Inventing the future

Thus was born the Stripe Hog SH8000, a 19-ton truck carrying a power washing system that strips the rubber right off the runway surface using only water and then vacuums the solution into a storage system.

The Allegheny County Airport Authority commissioned the vehicle in 2006, and the next year the very first Stripe Hog built for rubber removal at airports was delivered to Pittsburgh – and it’s still in use today. In fact, it’s in such good condition that Crocker just displayed it at a trade show and wants to add it to his company’s history collection when PIT retires the vehicle the maintenance team calls “The Magic Eraser.”

One person runs the entire operation, driving the truck at a snail’s pace while operating the spray heads in front.

The rubber solidifies once it’s collected, and the water used in the power washing is cycled through over and over until it becomes too dirty to use.
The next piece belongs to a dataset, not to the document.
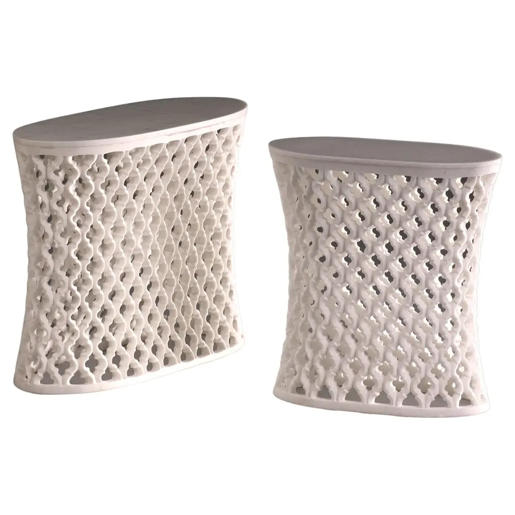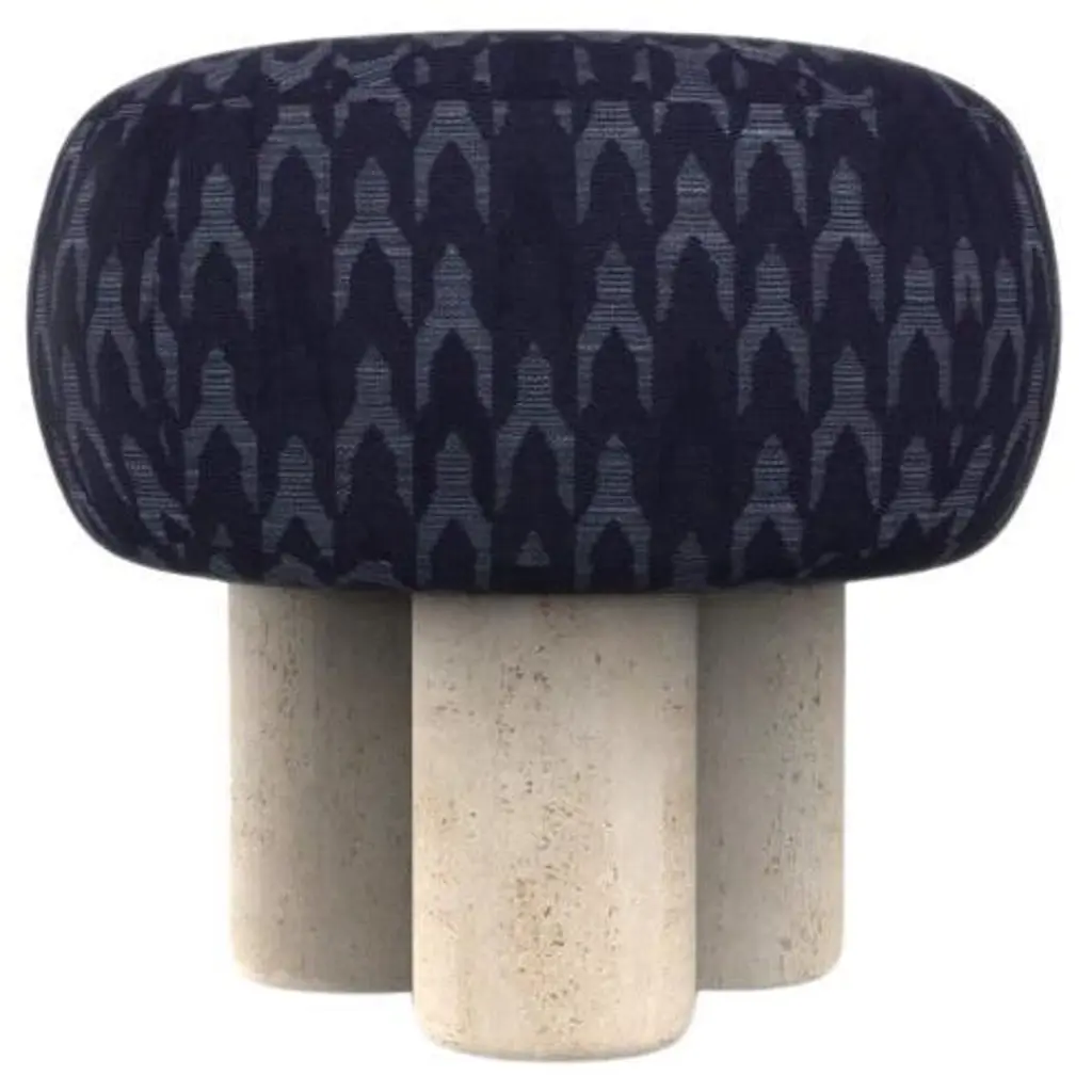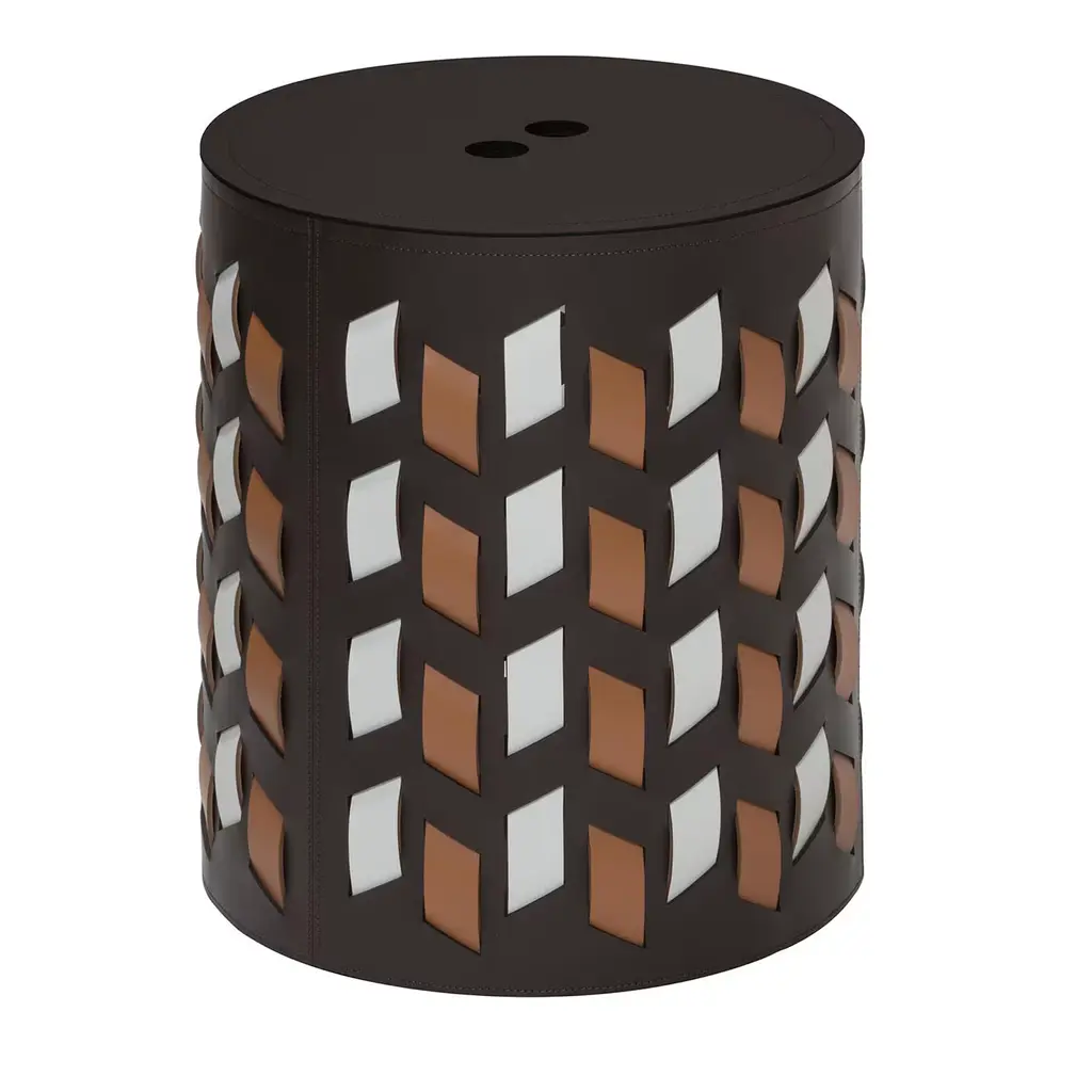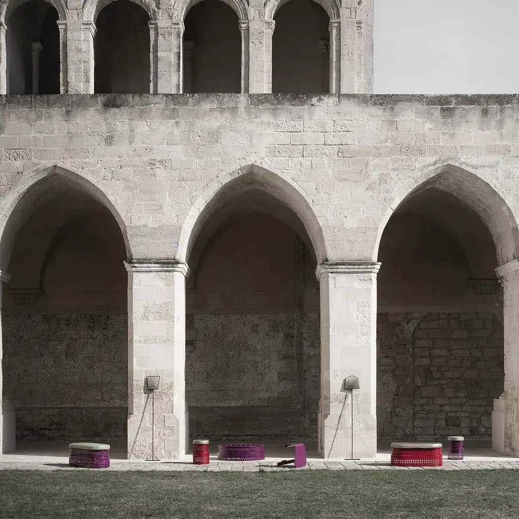 An exquisite piece of charming contemporary allure, this oval pouf is named after the skillful laser-cut work that defines the base structure recalling the warp and weft of handwoven fabric. Fashioned of red-lacquered steel, this pouf is enriched by a soft cushion padded with dry-fly and upholstered with removable indoor-outdoor fabric.

Both are disposed of safely in line with environmental regulations.

Crocker, who started his power washing business as an 18-year-old, admits he hadn’t thought about how his work stripping paint off roadways and bridges would translate to airports.

“I pictured airports as contracting that body of work,” he said. “I didn’t picture them as having the sophistication and appetite to do it themselves.”
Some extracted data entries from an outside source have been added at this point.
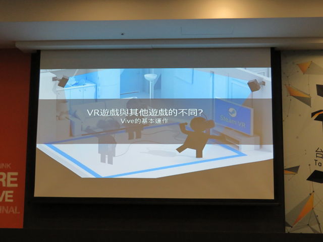 他強調(diào),在制作游戲之前首先要了解硬件的潛力和優(yōu)勢,以往游戲都是透過屏幕呈現(xiàn),控制器、鼠標或鍵盤等方式游玩,然而VR游戲最大的不同點就是屏幕非常貼近眼睛,讓玩家的畫面能十分的有立體感,操作方式雖然也有游戲桿,但與除了有按鈕的方式外,還有其他的操作可能性。除了優(yōu)勢,硬件可能遇到的限制也是需要了解的,例如Vive的空間最好的呈現(xiàn)效果是3*5公尺,這對于游戲制作上來說可能就是一個限制。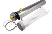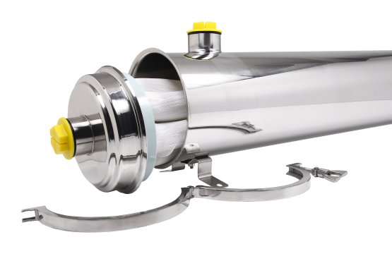 Sistēma izgatavota no nerūsējošā tērauda AISI-304 ar augstas veiktspējas PVDF ultrafiltrācijas membrānām (0,01 mikrona). Iebūvētie manometri un krāni ļauj kontrolēt spiedienu un veikt manuālu membrānu skalošanu.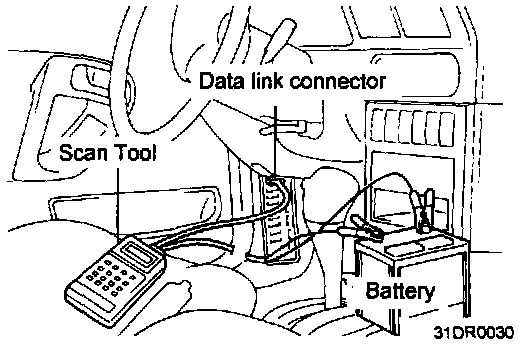 1. Turn OFF the ignition switch.2. Connect the scan tool to the data link connector in the fuse box.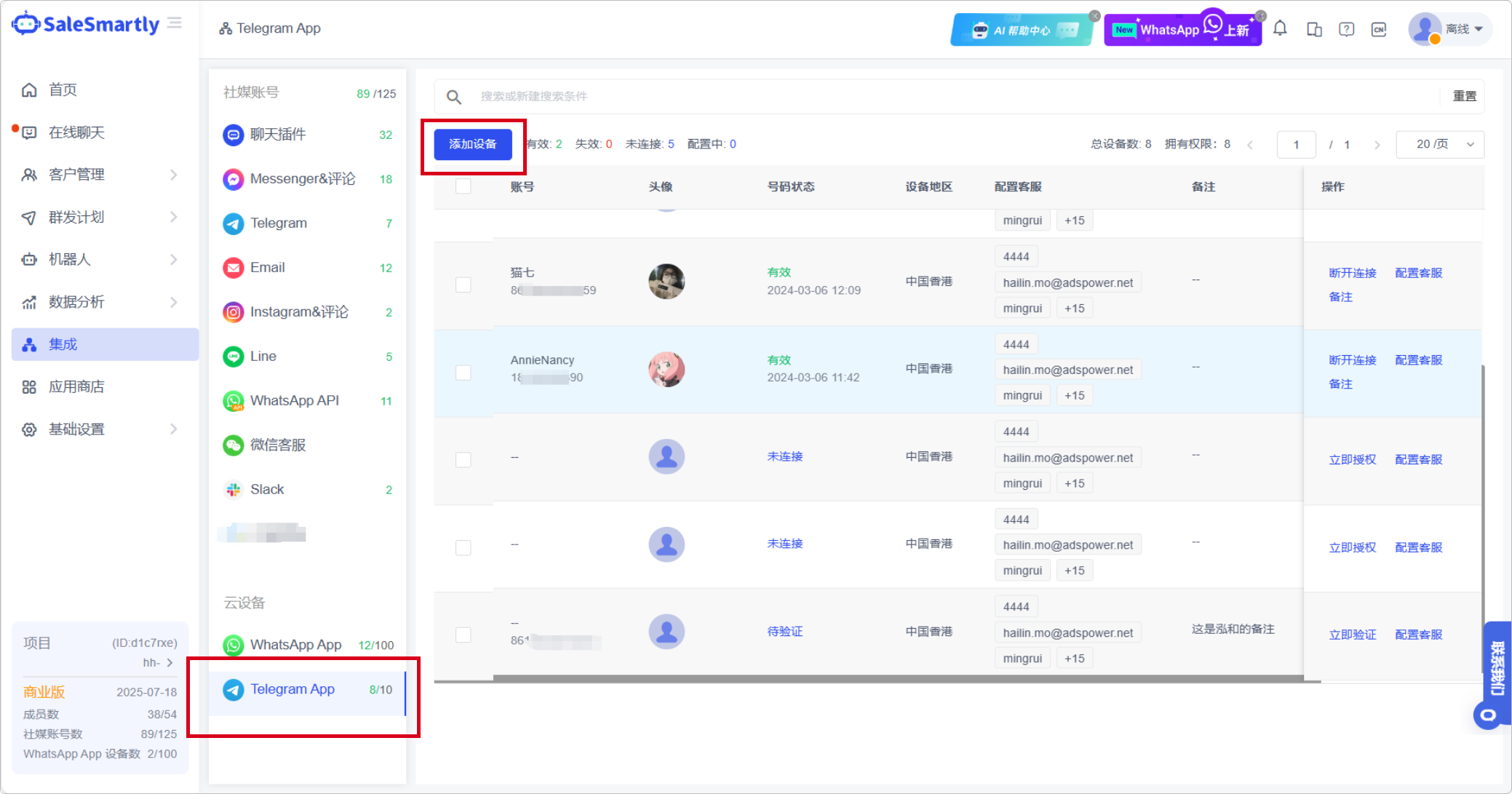 Trong mục Tích hợp, chúng tôi đã bổ sung tính năng kết nối với tài khoản cá nhân Telegram. Giờ đây bạn có thể trò chuyện thuận tiện với các liên hệ trong tài khoản cá nhân thông qua SaleSmartly.

All of PIT’s heavy equipment operators are trained to use the Stripe Hog. And despite the rugged nature of the work, operating the machine requires a soft touch.

“It’s 40,000 pounds per square inch of pressure, so if you put it on concrete (at full blast) you can dig holes in concrete. And asphalt, it can just blow apart asphalt,” Moorhead said. “It’s a great machine but it’s very powerful.”
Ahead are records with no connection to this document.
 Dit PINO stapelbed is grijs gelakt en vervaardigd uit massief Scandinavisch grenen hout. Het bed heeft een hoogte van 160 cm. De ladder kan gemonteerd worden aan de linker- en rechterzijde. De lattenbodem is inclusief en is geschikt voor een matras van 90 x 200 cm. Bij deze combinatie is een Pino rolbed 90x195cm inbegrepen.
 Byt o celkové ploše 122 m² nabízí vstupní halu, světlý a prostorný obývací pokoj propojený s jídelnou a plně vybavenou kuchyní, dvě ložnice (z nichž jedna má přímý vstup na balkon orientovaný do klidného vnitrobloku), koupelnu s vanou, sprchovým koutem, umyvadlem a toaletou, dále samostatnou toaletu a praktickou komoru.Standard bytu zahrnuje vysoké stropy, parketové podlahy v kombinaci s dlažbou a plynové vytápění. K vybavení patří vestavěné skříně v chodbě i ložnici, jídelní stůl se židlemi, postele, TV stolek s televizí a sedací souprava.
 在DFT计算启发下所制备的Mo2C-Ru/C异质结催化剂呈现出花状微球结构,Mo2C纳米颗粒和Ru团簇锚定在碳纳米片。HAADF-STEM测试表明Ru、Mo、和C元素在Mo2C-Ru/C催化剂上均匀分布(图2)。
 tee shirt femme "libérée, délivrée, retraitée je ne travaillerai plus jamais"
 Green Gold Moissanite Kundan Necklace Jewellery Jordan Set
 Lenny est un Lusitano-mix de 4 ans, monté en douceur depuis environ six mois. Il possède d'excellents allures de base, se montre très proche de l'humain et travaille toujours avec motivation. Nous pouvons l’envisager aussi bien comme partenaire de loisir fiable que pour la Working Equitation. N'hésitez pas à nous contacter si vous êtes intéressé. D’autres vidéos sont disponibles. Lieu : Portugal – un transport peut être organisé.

The Stripe Hog strips rubber from runway surfaces using water and then vacuums the solution into a storage system. (Photo by Beth Hollerich)

Versatility is key

While the primary value of the Stripe Hog is that it makes a dangerous job safer and more efficient, it also makes the work far more cost-effective.

The Airport Authority paid just under $1 million for the machine in 2007. The Authority was paying well over that annually to clean its four runways at the time.

“(The Stripe Hog) paid for itself in the first year,” Moorhead said.

Members of PIT’s field maintenance team have found other uses for the Stripe Hog.

The Federal Aviation Administration makes changes to paint and markings standards every year or two, and inspectors will measure line placement down to the inch to make sure airports are in compliance. The paint crew will use the Stripe Hog to clean white and yellow lines on the runway or even strip them away entirely if new paint needs to be applied.

Crocker, who grew up in Western Pennsylvania before moving to Florida as a teenager, said his company’s machines are now used at 70 American airports and in 57 countries worldwide; they’re currently building a fifth machine for Dubai International Airport.

He still has the note alerting him to Moorhead’s phone call all those years ago. PIT’s Stripe Hog was the company’s 50th manufacturing job, but its first step into a whole new field.

Airport sales now make up to 30 percent of the company’s business, Crocker said, and he’s gone from 10-12 employees at the time to more than 160 today.

“I didn’t realize how much airports talk to each other,” he said. “They share information and strategies for keeping runways and airfields safe.

“I could have never guessed that things would develop as they have.”